■ **DATA EXTRACT**
= Beginning of Section =

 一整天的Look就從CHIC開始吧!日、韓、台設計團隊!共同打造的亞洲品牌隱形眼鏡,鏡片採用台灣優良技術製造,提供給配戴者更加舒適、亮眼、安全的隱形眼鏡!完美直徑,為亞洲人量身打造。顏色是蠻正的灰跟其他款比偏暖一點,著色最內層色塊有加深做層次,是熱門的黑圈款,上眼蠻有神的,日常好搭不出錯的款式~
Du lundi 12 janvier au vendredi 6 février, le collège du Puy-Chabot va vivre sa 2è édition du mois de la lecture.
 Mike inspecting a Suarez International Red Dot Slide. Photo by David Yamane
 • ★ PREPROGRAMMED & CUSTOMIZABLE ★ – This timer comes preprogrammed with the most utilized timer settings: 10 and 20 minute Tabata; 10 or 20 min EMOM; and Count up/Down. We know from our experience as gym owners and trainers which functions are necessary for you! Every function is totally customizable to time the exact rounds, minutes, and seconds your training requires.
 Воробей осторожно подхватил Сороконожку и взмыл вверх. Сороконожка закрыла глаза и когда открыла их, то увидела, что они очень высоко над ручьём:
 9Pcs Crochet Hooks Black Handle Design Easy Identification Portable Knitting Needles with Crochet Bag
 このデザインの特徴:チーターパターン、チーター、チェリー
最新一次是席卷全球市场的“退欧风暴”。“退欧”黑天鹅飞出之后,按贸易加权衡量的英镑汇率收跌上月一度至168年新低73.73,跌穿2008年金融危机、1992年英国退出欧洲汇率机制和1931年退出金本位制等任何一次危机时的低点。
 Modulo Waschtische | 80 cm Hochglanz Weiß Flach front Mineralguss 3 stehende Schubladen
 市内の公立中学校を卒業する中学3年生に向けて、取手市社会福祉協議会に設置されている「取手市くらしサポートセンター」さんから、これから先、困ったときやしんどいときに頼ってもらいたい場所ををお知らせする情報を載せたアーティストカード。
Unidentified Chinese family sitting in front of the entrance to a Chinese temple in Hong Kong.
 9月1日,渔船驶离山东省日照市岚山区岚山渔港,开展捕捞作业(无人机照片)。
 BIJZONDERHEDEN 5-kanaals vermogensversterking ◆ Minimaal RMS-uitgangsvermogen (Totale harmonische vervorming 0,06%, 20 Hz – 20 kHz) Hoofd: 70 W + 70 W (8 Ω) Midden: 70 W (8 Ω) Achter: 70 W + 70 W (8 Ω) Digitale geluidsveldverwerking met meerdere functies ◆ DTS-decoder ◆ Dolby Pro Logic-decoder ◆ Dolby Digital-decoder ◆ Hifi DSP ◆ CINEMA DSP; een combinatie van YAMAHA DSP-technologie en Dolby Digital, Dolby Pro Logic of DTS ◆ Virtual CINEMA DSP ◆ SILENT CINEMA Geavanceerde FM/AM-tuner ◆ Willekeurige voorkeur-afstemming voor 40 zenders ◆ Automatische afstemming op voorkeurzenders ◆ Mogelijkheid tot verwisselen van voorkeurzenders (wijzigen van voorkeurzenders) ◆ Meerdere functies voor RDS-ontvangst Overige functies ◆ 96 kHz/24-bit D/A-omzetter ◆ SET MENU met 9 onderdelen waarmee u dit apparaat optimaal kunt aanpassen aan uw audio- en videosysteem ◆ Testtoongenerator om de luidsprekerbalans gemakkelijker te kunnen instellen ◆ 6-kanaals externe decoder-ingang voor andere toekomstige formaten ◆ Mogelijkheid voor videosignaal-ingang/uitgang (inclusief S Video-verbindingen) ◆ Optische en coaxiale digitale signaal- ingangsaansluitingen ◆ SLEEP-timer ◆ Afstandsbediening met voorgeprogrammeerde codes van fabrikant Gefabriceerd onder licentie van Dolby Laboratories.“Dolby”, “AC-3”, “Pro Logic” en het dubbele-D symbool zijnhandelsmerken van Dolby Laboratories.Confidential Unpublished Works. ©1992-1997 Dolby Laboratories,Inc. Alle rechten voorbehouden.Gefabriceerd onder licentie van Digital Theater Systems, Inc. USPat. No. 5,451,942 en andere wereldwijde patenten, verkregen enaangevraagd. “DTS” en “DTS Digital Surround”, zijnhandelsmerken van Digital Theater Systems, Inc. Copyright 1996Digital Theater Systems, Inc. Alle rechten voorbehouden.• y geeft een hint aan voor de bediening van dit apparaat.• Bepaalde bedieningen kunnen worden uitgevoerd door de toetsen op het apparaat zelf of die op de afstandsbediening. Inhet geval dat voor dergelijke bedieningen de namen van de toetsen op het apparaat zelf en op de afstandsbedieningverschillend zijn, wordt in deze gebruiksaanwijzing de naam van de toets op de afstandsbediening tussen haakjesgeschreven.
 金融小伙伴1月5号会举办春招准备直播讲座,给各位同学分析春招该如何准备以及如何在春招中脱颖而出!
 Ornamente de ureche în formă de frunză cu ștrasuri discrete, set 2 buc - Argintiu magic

= End of Section =

Find the word "front" in the records. Copy every line it appears in.

 Modulo Waschtische | 80 cm Hochglanz Weiß Flach front Mineralguss 3 stehende Schubladen
Unidentified Chinese family sitting in front of the entrance to a Chinese temple in Hong Kong.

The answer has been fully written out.